We have the length of member AB is ${d_1} = 3\;{\rm{m}}$.

We have the length of member BC is ${d_2} = 4\;{\rm{m}}$.

 
Step 3

The magnitude of the equivalent resultant force along the horizontal line is,

\[{F_x} = {F_2}{d_2}\]
 
Step 4

Substitute the values in the above expression.

\[\begin{array}{l} {F_x} = \left( {2\;{\rm{kN/m}}} \right)\left( {4\;{\rm{m}}} \right)\\ {F_x} = 8\;{\rm{kN}}\;\left( {{\rm{left}}} \right) \end{array}\]
 
Step 5

The magnitude of the equivalent resultant force along the vertical line is,

\[{F_y} = {F_1}{d_1}\]
 
Step 6

Substitute the values in the above expression.

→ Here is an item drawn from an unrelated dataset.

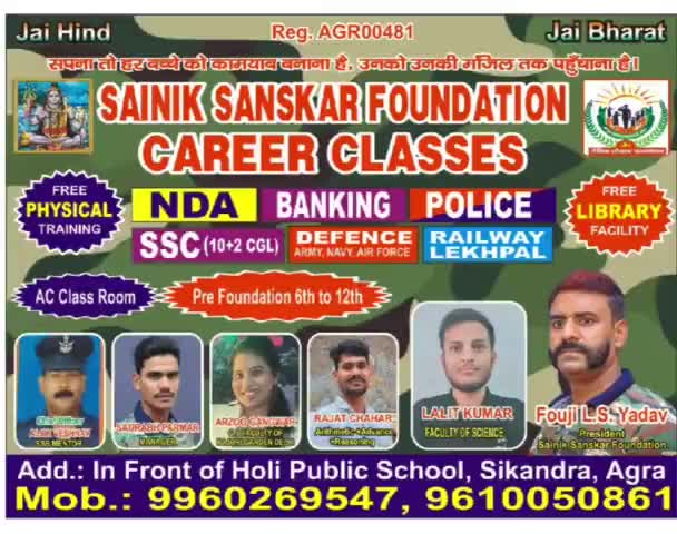 सैनिक संस्कार फाउंडेशन में दिया जा रहा युवाओं को निशुल्क प्रशिक्षण साथ ही कराई जा रही लिखित परीक्षा की तैयारी

\[\begin{array}{l} {F_y} = \left( {3\;{\rm{kN/m}}} \right)\left( {3\;{\rm{m}}} \right)\\ {F_y} = 9\;{\rm{kN}}\;\left( {{\rm{down}}} \right) \end{array}\]
 
Step 7

The magnitude of the equivalent resultant force is,

\[F = \sqrt {{{\left( {{F_x}} \right)}^2} + {{\left( {{F_y}} \right)}^2}} \]
 
Step 8

Substitute the values in the above expression.

\[\begin{array}{l} F = \sqrt {{{\left( {8\;{\rm{kN}}} \right)}^2} + {{\left( {9\;{\rm{kN}}} \right)}^2}} \\ F = 12.04\;{\rm{kN}} \end{array}\]
 
Step 9

The direction of the equivalent resultant force is,

\[\tan \theta = \frac{{{F_y}}}{{{F_x}}}\]
 
Step 10

Substitute the values in the above expression.

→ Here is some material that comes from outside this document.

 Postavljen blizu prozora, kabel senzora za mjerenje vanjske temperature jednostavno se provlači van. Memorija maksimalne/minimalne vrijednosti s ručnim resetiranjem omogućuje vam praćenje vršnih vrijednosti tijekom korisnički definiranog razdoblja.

\[\begin{array}{c} \tan \theta = \frac{{9\;{\rm{kN}}}}{{8\;{\rm{kN}}}}\\ \theta = 48.4^\circ \end{array}\]

The direction of the equivalent resultant force is $48.4^\circ $ from negative x-axis.

 
Step 11

The location of resultant force by calculating moment about point A is,

\[\begin{array}{c} \Sigma {M_A} = 0\\ {F_x}x + {F_y}y = {F_1}{d_1}\left( {\frac{{{d_1}}}{2}} \right) + {F_2}{d_2}\left( {\frac{{{d_2}}}{2}} \right) \end{array}\]
 
Step 12

Substitute the values in the above expression.

\[\begin{array}{c} \left( {8\;{\rm{kN}}} \right)x + \left( {9\;{\rm{kN}}} \right)y = \left( {3\;{\rm{kN/m}}} \right)\left( {3\;{\rm{m}}} \right)\left( {\frac{{3\;{\rm{m}}}}{2}} \right) + \left( {2\;{\rm{kN/m}}} \right)\left( {4\;{\rm{m}}} \right)\left( {\frac{{4\;{\rm{m}}}}{2}} \right)\\ 8x + 9y = 29.5\;{\rm{m}} \end{array}\]

Along member AB, $x = 0$. Now,

\[\begin{array}{c} 8\left( 0 \right) + 9y = 29.5\;{\rm{m}}\\ y = 3.28\;{\rm{m}} \end{array}\]
 
Step 13

The location where its line of action intersects a horizontal line along member AB, measured from A is,

\[d = y\]
 
Step 14

Substitute the values in the above expression.

\[d = 3.28\;{\rm{m}}\]